[Start of section]

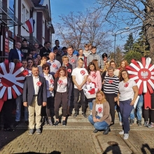 Słuchacze, nauczyciele oraz pracownicy placówki zadbali by biało - czerwone barwy zdominowały ten dzień. Dopisała także wspaniała, słoneczna aura, więc zajęcia przebiegły w radosnej atmosferze.
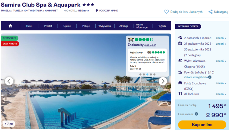 Jeśli więc szukasz opcji wypoczynku w ciekawej lokalizacji, z dostępem do atrakcji i w rozsądnej cenie, warto rozważyć ten kierunek. Samira Club to miejsce z potencjałem – nie wszystko jest perfekcyjne, ale całość tworzy przyjazną przestrzeń do wypoczynku i zwiedzania okolic Tunisu i Hammametu.
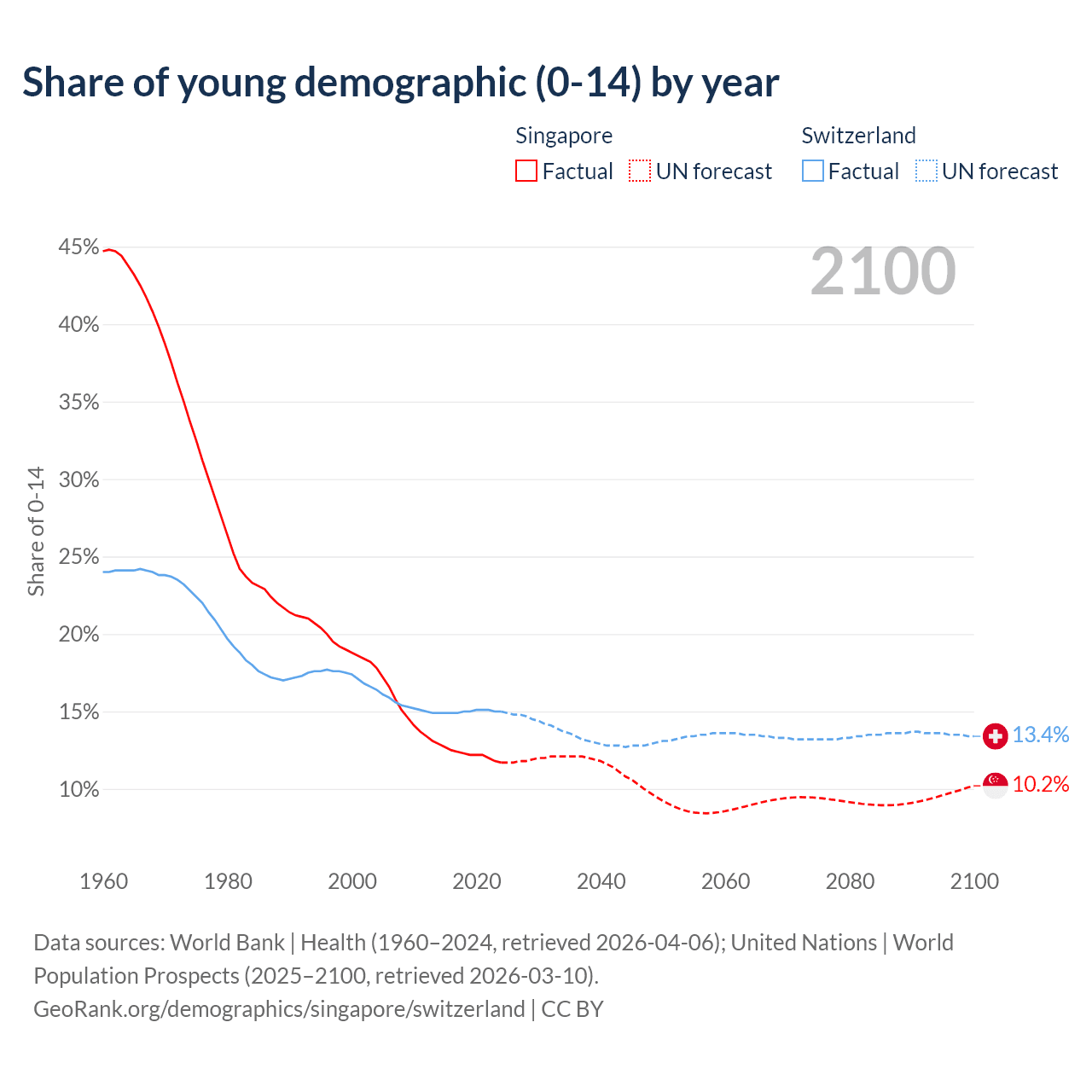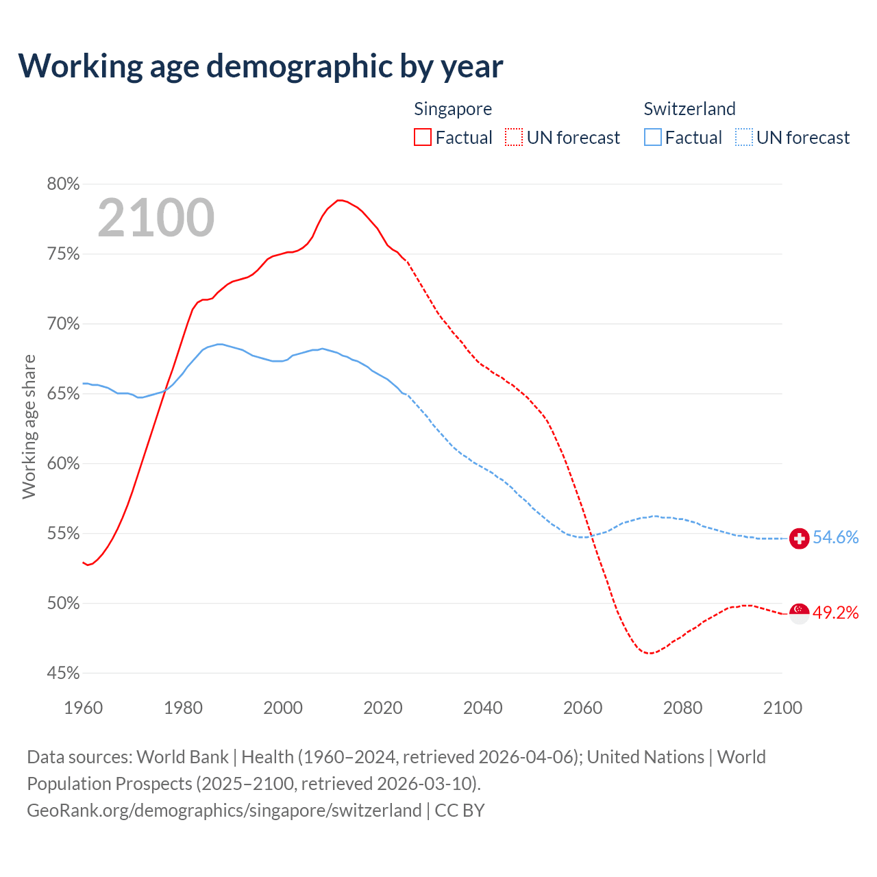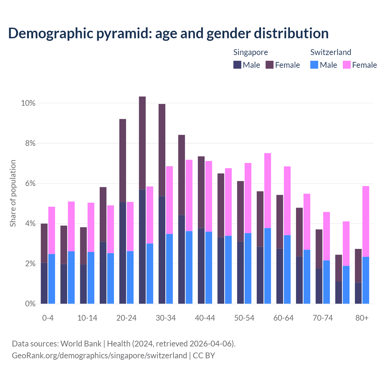 - Singapore is ranked 68/196 by median age (oldest to youngest) vs 24/196 for Switzerland.

[End of section]

> [TASK STATEMENT]:
Without changing a word, transcribe all of the data and omit its images.

> [OUTPUT BELOW]:
 Słuchacze, nauczyciele oraz pracownicy placówki zadbali by biało - czerwone barwy zdominowały ten dzień. Dopisała także wspaniała, słoneczna aura, więc zajęcia przebiegły w radosnej atmosferze.
 Jeśli więc szukasz opcji wypoczynku w ciekawej lokalizacji, z dostępem do atrakcji i w rozsądnej cenie, warto rozważyć ten kierunek. Samira Club to miejsce z potencjałem – nie wszystko jest perfekcyjne, ale całość tworzy przyjazną przestrzeń do wypoczynku i zwiedzania okolic Tunisu i Hammametu.
 - Singapore is ranked 68/196 by median age (oldest to youngest) vs 24/196 for Switzerland.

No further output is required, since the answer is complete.